• **Exercise details**: With the pictures left aside, write out exactly the lines of the listing below from the line with "AC Maintenance Call." to the line with "tijolo em shoppings.", both included, and only those.

• **Material for this exercise**:
· · · · · · ·

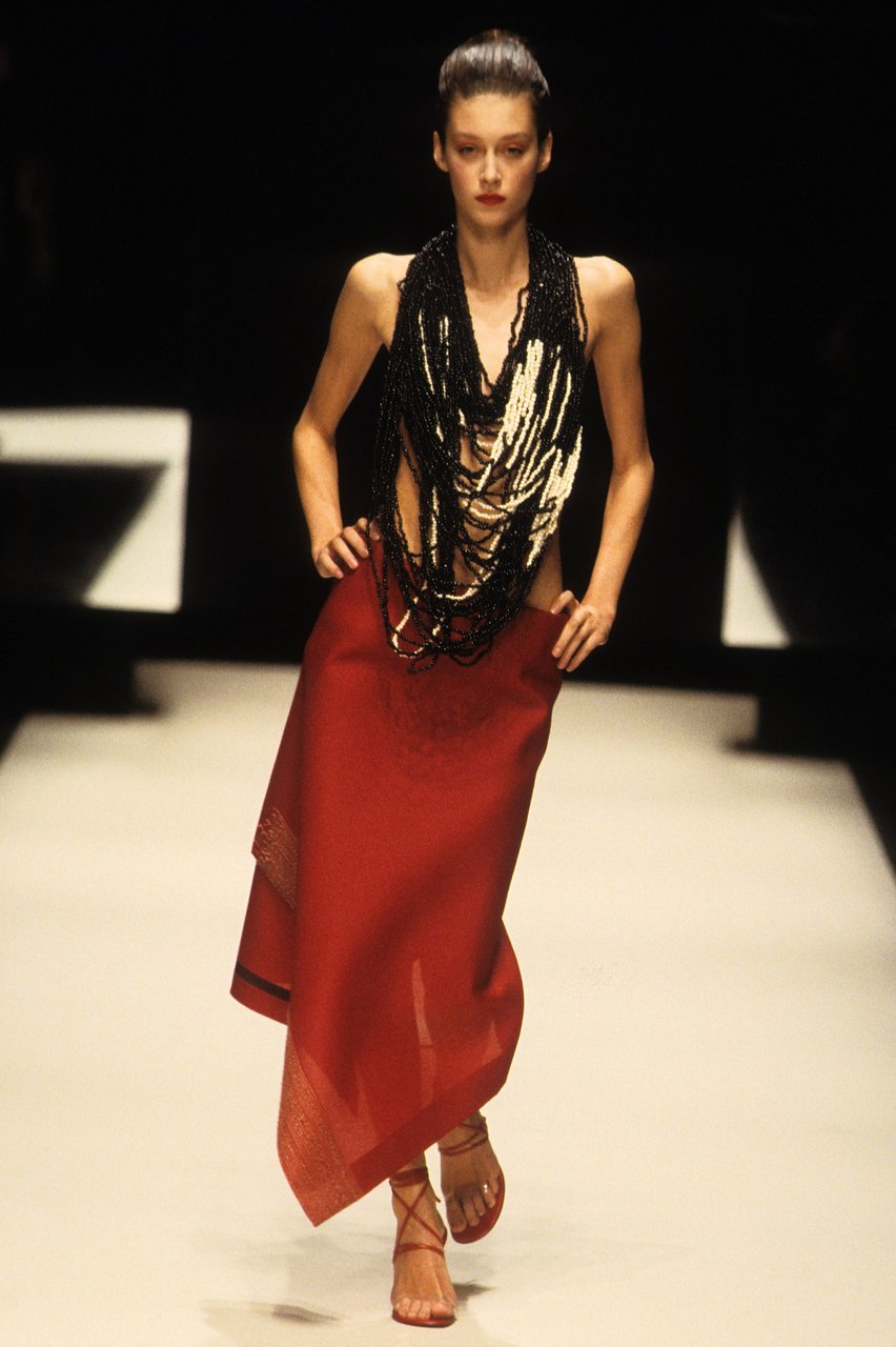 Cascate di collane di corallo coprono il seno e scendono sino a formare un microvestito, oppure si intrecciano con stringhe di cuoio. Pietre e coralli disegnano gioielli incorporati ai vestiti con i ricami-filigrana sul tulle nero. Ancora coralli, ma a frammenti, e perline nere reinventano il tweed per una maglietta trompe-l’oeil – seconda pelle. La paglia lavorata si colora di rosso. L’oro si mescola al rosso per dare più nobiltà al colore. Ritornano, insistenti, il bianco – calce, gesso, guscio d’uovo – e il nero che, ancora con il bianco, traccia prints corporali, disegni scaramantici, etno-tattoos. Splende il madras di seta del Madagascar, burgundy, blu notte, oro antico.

· · · · · · ·

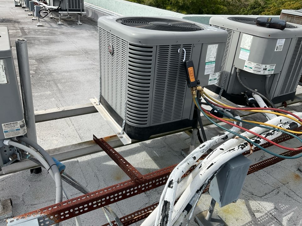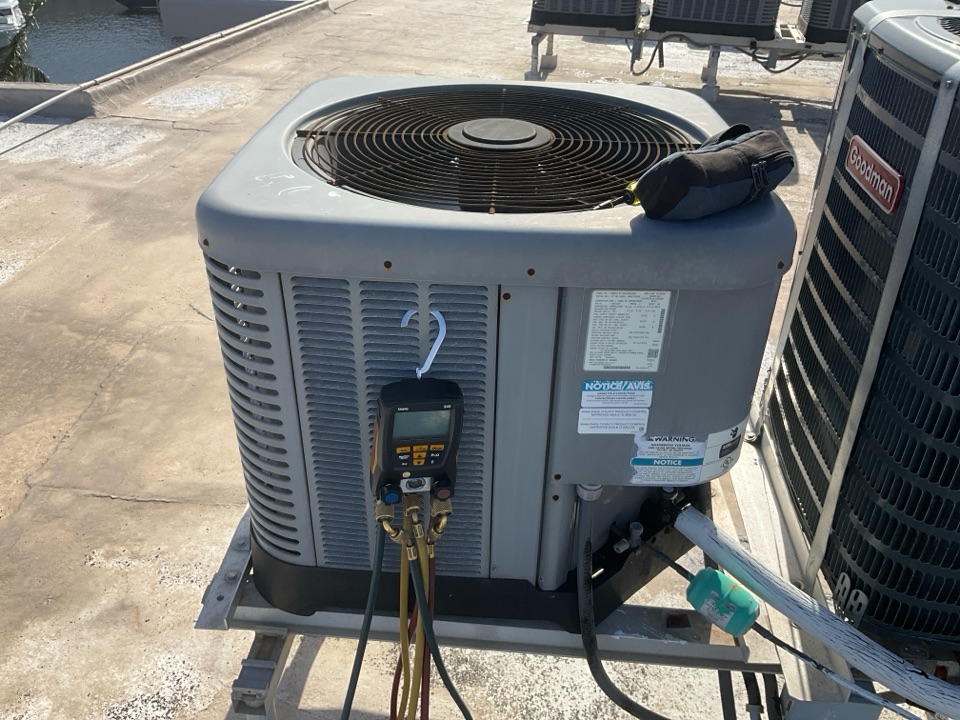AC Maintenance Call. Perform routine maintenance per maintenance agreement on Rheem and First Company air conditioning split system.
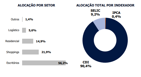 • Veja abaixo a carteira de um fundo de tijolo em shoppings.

· · · · · · ·

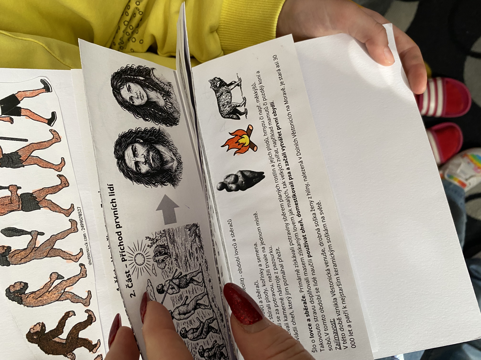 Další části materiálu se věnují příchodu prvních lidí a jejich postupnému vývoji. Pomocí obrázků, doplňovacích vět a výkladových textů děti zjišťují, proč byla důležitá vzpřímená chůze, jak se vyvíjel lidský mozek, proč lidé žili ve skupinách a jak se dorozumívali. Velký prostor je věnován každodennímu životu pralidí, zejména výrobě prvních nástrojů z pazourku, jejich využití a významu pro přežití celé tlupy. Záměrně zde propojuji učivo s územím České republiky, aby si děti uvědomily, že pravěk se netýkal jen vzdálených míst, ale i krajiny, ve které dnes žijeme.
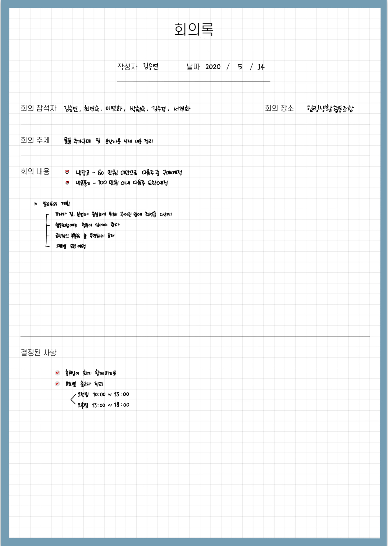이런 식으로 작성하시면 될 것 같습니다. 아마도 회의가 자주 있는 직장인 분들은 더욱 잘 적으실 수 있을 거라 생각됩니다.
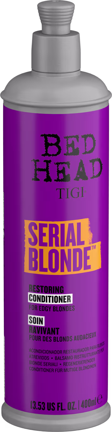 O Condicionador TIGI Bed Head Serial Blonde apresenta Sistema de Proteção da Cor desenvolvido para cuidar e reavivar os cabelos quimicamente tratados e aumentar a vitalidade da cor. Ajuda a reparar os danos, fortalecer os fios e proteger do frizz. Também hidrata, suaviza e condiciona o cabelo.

· · · · · · ·

• **Your response**:
AC Maintenance Call. Perform routine maintenance per maintenance agreement on Rheem and First Company air conditioning split system.
 • Veja abaixo a carteira de um fundo de tijolo em shoppings.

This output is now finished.